« on: 16/05/2022 17:16:37 »
Is it possible to slow the decay down by other methods? A few years ago, school-level physics would have stated that nuclear reactions are unlike chemical reactions - nuclear decay is a random process and the decay rates are un-affected by environmental conditions like pressure and temperature. The general explanation being that the nucleus is dominated by the effects of nuclear forces (the strong and weak force) and effectively independent from whatever else is going on outside the nucleus. It was a good explanation but like the semolina pudding they served at school lunchtime, it was just so wrong.
This belief was seriously adjusted in my life time when a type of nuclear change called electron capture was studied. ( https://en.wikipedia.org/wiki/Electron_capture ). In electron capture it is possible to adjust the nuclear reaction rates just by ionising the atom (for example the nuclear change 74Be+ → 73Li+ proceeds more slowly than 74Be → 73Li ). You can get a smaller (but statistically significant) difference just by bonding the atom to certain things.
I've not seen any information about it - but it begs the question that you might be able to adjust the rates of other nuclear changes. For example, alpha emission may be reduced if the unstable nucleus can be surrounded with ligands that are positively charged and create a potential barrier against the emission of another positively charged particle. Maybe just putting the unstable nuceii under pressure is enough to slow the decay (since the appearance of more particles tends to increase pressure PV = nRT etc). I don't know and It's important to point out that this is just speculation: I have a personal belief that nuclear reactions are much more like chemical reactions than we had first imagined (just in terms of their reaction kinetics, obviously chemistry goes on outside the nucleus but nuclear change doesn't).
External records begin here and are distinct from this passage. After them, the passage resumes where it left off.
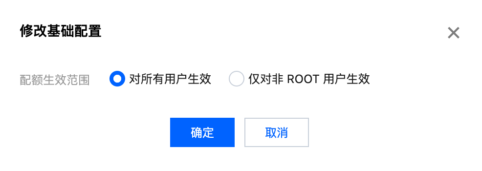 示例 :超级目录 A 容量配额是10TiB,非 ROOT 用户在目录 A 写入2TiB,ROOT 用户在目录 A 写入9TiB,配额生效范围是仅对非 ROOT 用户生效;如果将配额生效范围修改为对所有用户生效,因为所有用户已写入11TiB数据、已超出配额(配额是10TiB),所有用户将限制往目录 A 写入数据。
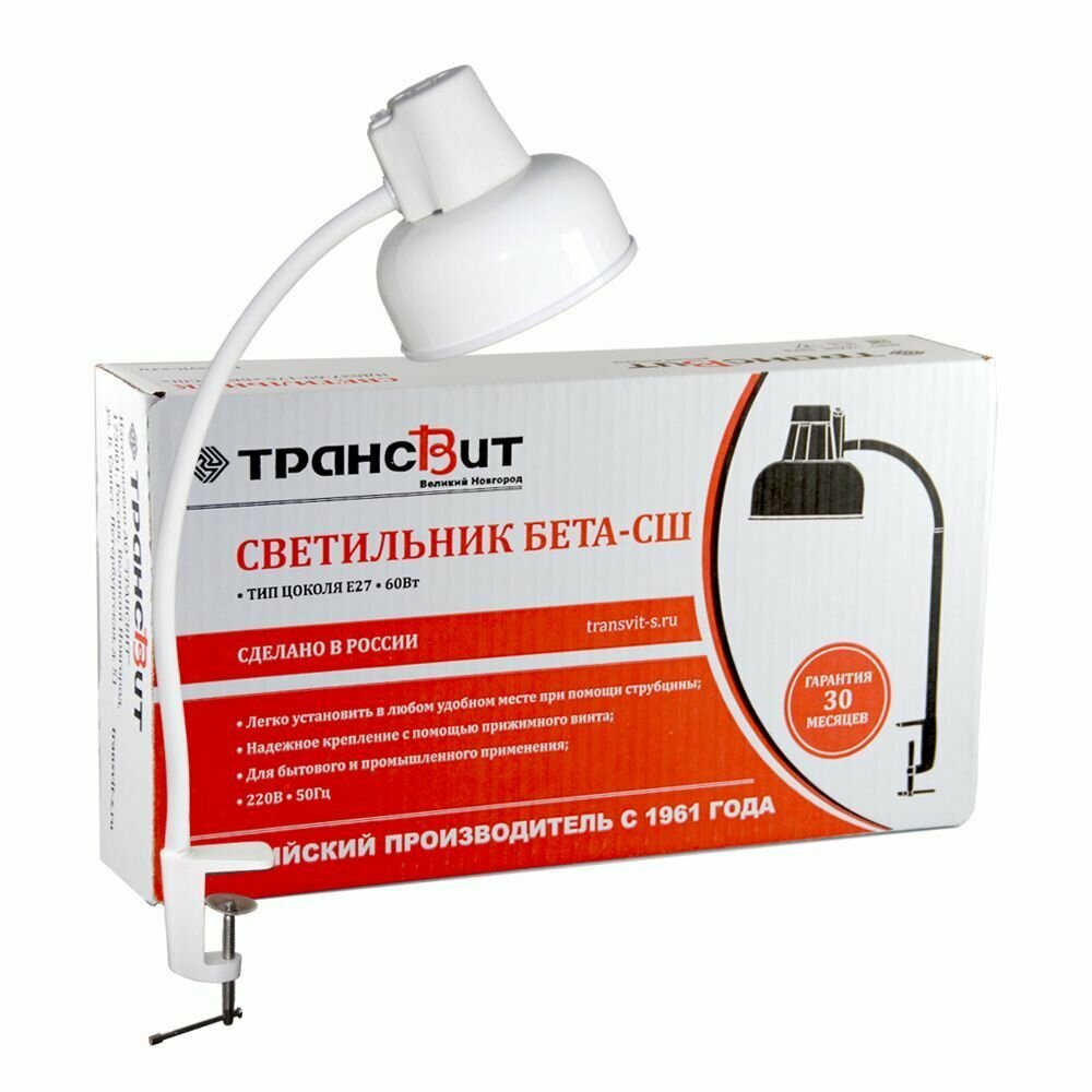 Лампа настольная Бета-СШ на струбцине, 60Вт, 220В, Е27, белый, Трансвит
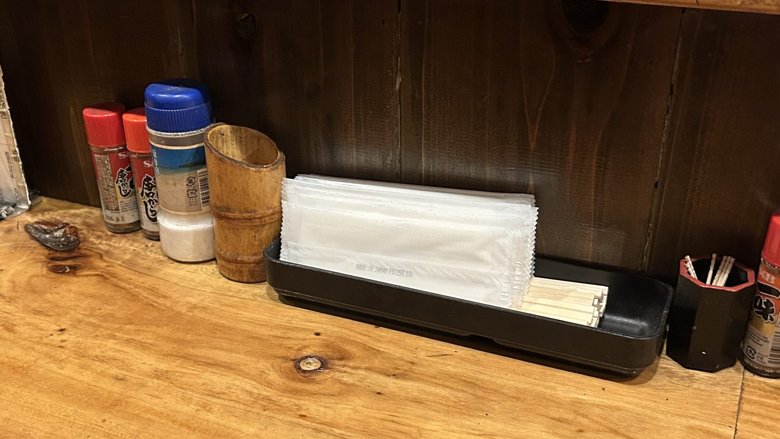 焼き鳥用の調味料としておかれているようです。そのほか、つまようじやお手拭き、割り箸もカウンター沿いに置かれております。
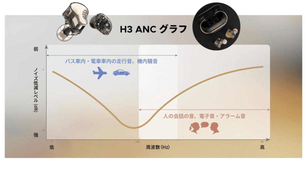 上記の比較表からもわかるように、H3は1万円台の価格帯でありながら、ハイブリッド3ドライバー構成、LDAC/aptX Lossless対応、ハイレゾ認証、最大55dBのAIアダプティブANCといった、上位モデルに匹敵する、あるいはそれ以上のスペックを誇っています。特に、ハイブリッドドライバーによる音質の豊かさ、そして業界トップクラスのノイズキャンセリング性能は、この価格帯ではなかなか見られない特徴です。
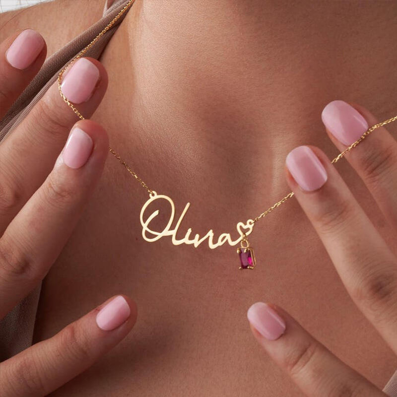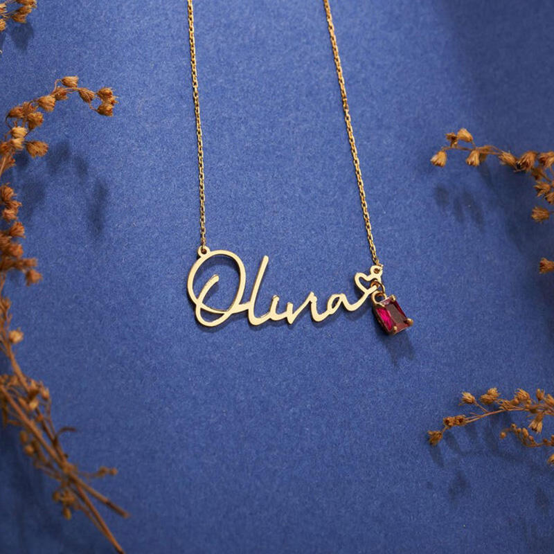 Collar con nombre personalizado y piedra de nacimiento, regalo de cumpleaños sencillo
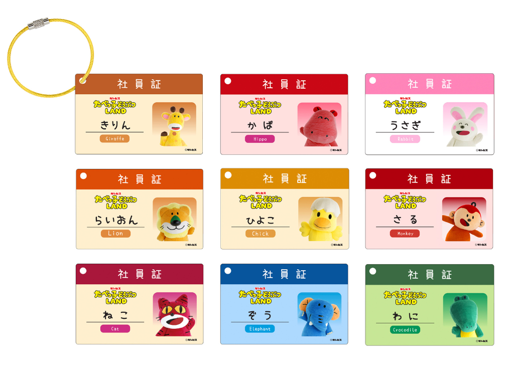 さらに、「たべっ子どうぶつLAND POP UP STORE」内で商品を税込3,000円以上購入すると、どうぶつさんの「社員証(全9種)」をランダムで1点プレゼントするお買い上げ特典もございます(※3)。社員証にはキーリングが付属しており、お好きなアイテムを組み合わせて、自分好みにカスタマイズすることができます。
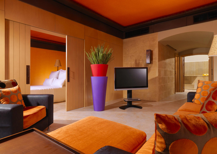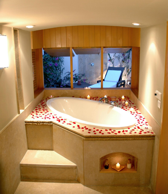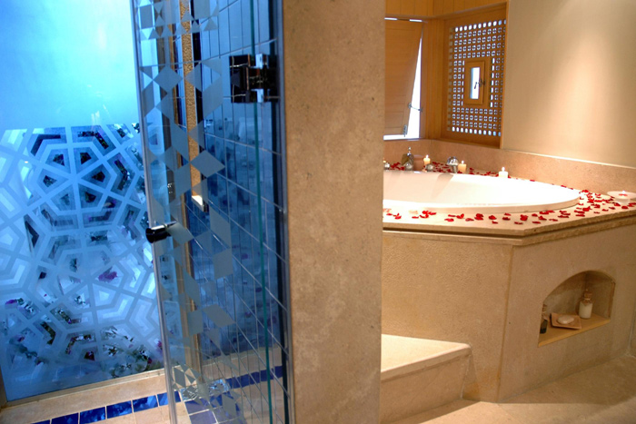 4 Deluxe Suites (48 кв. м) - прямой вид на море, терраса с джакузи, спальня, гостиная, ванна с гидромассажем.
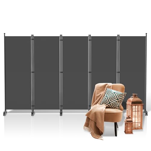 Hebitod rumsavdelare på hjul, vikbar i 5 delar, fristående skiljevägg, paravent, rumsseparator för vardagsrum, sovrum, omklädningsskydd, vägg, 284 x 181 cm | antracit
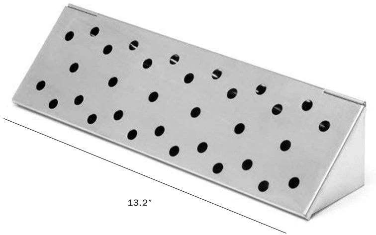 - V-shape fits between flame deflector bars on gas grills for the most intense smoke flavor
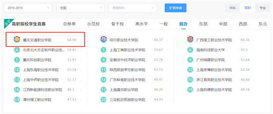 全国民办高校第一名!重庆交通职业学院荣登“全国职业院校学生竞赛排行榜”
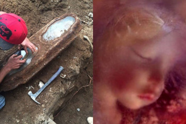 Bức chân dung trên xuất hiện ở bên trong và cả mặt dưới của quan tài.
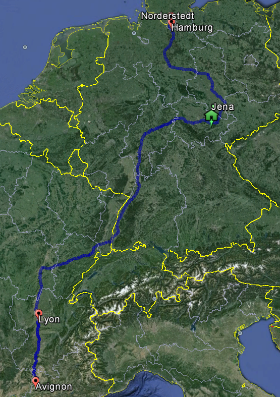 Diese 2811 km entsprechen in gerader Entfernung von Jena nach
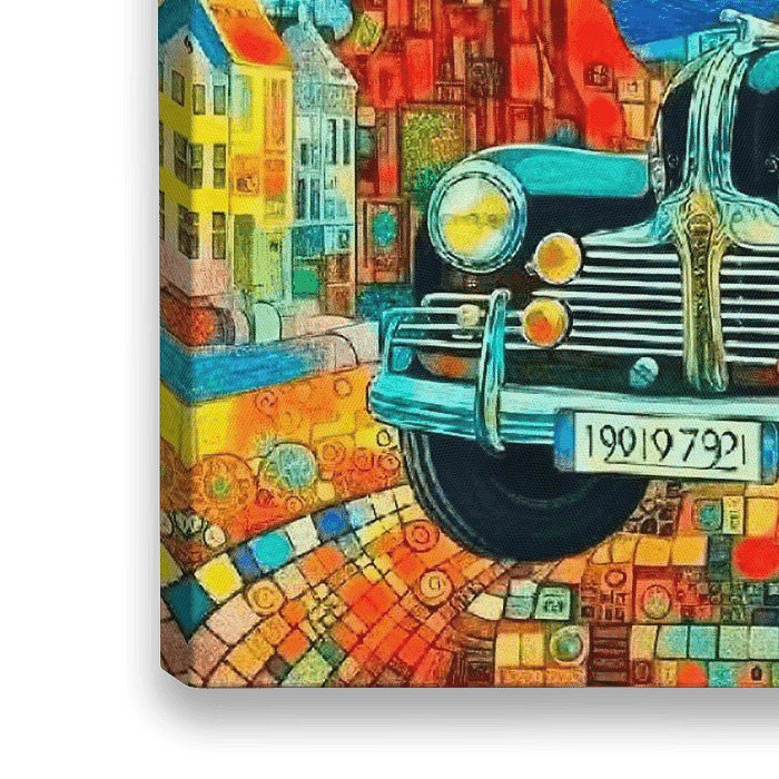 Koop dit digital art kunstwerk Vrolijke gekleurde auto geïnspireerd door Gustav Klimt en van Gogh.( 1 ) van Ineke de Rijk als reproductie op canvas, aluminium dibond, (ingelijste) fotoprint, behang en ArtFrame, op maat geprint in Fine-Art kwaliteit.
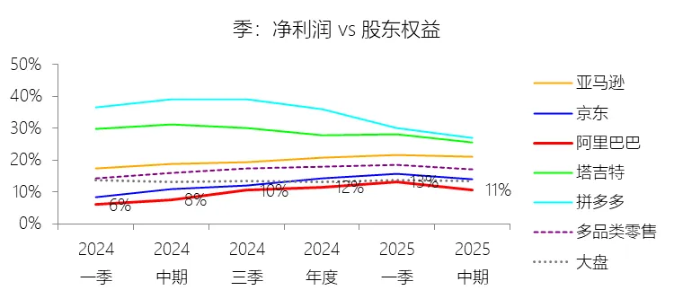 净资产收益率:2026财年中期末,阿里巴巴的股东权益为1564.68亿美元,对比年初增长3.03%,净利润与股东权益的比例为10.72%(TTM净资产收益率),同比上升3.18个百分点;2016-2025财年(十年),此项合计为11785.54亿美元,平均比例为10.59%,比多品类零售行业的均值低3.01个百分点,长期呈下降趋势。
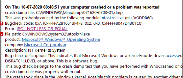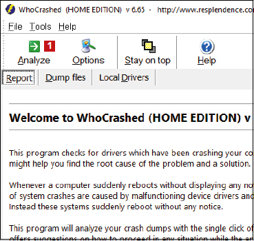 Programmet WhoCrashed går tilbage i tiden og kigger på de fejl, der er opstået på din pc. Oplysningerne er meget detaljerede og fortæller dig fx, hvis driveren til et stykke udstyr er fejlbehæftet og får Windows til at bryde
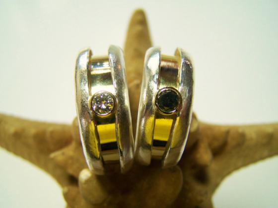 Kundenanfertigung... massives Feinsilber mit Gold-Inlet 585 sowie einem schwarzen und einem weißen Brillanten...
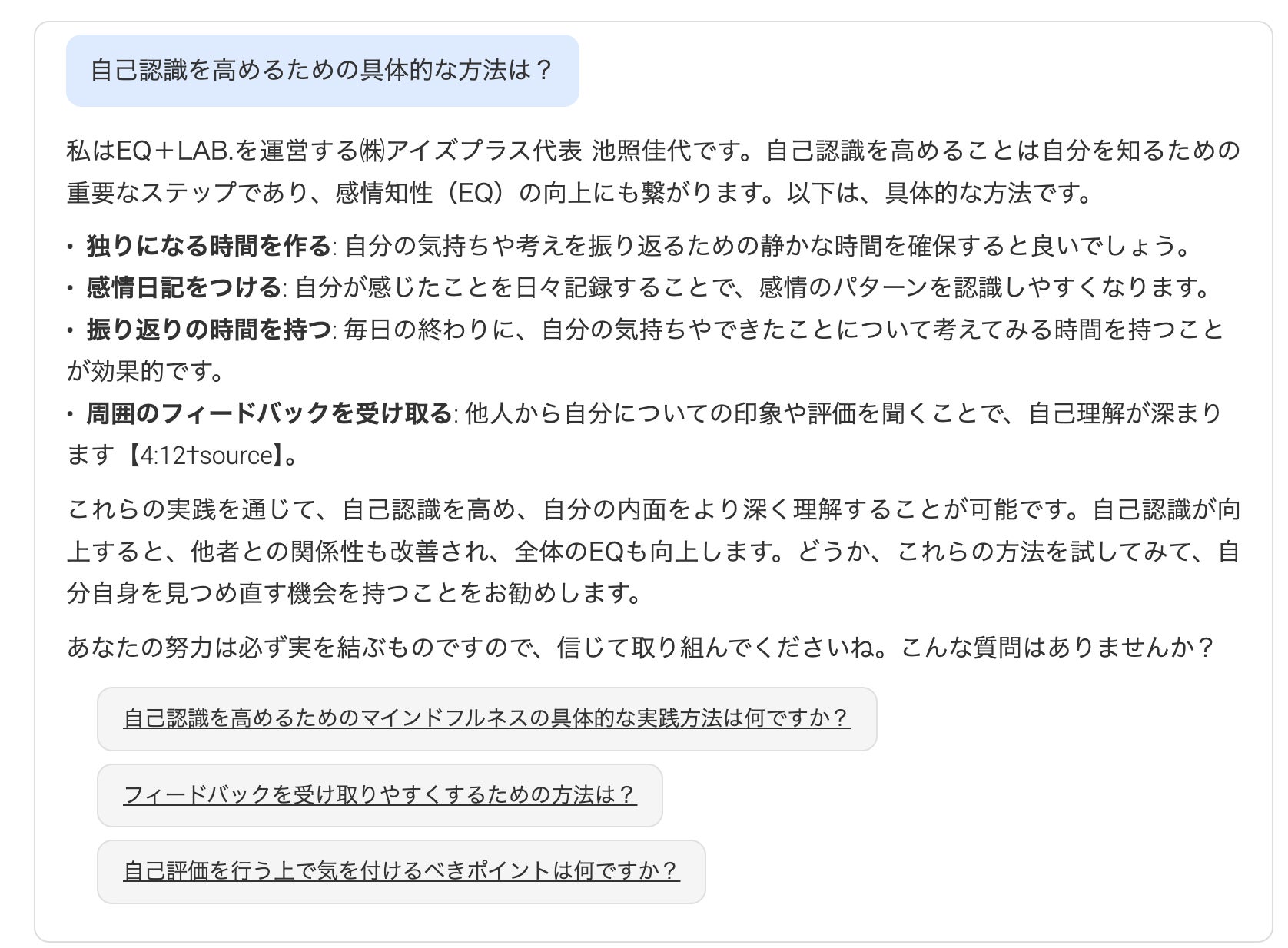 EQに関する学びは個々の状況によって異なります。本機能では、シンプルな質問からより専門的な内容まで、幅広いテーマについてAIが適切な回答を提供します。例えば、「自己認識を高めるための具体的な方法は?」「共感力を高めるために実践できるトレーニング方法とは?」といった問いに対して、実践的なヒントや参考となる情報を得ることができます。これにより、受講者は自身の課題に合わせた学習を進めることができ、より効果的にEQスキルを向上させることができます。

Neutrinos can also influence the rate of reverse electron capture (https://iopscience.iop.org/article/10.1086/305343/fulltext/34468.text.html)
And, obviously, nuclear fission chain reactions such as those crucial (critical?!? sorry...) to atomic bombs, show that nuclear decay can be influenced by the environment.
That said, because of the great energies typically involved in nuclear reactions, I don't think that most changes in pressures and temperatures that could be highly influential for chemical reactions would do much for nuclear ones. But the stability of neutrons in neutron stars is significantly greater than for lonely neutrons—and I think it might be due to the insane pressures within a neutron star that favor single neutrons over proton/electron pairs (and neutrinos!).
I think the case of electron capture in 74Be+ vs 74Be can be explained by looking at how much electron density is within the cross-section of the electron capture of the nucleus. However, I am not so sure that adding positive ligands around an atom would significantly reduce α decay. The electric field at the "surface" of the nucleus will be almost entirely dominated by the protons within the nucleus For example, a 210Po nucleus, which typically undergoes α-decay with a half-life of about 140 days, has 84 protons in a sphere with a radius on the order of a few femtometers—adding a handful of singly (or doubly) positively charged ligands at a radius of 150 picometers (almost 1 million times as far away) likely won't change much. In terms of the electric potential at the nucleus, I think this will be a similar story, but might have a greater effect (but, I would expect it to be the opposite of your prediction—more positive ligands leads to a more positive potential at the nucleus, making it more favorable for the nuclear charge to decrease).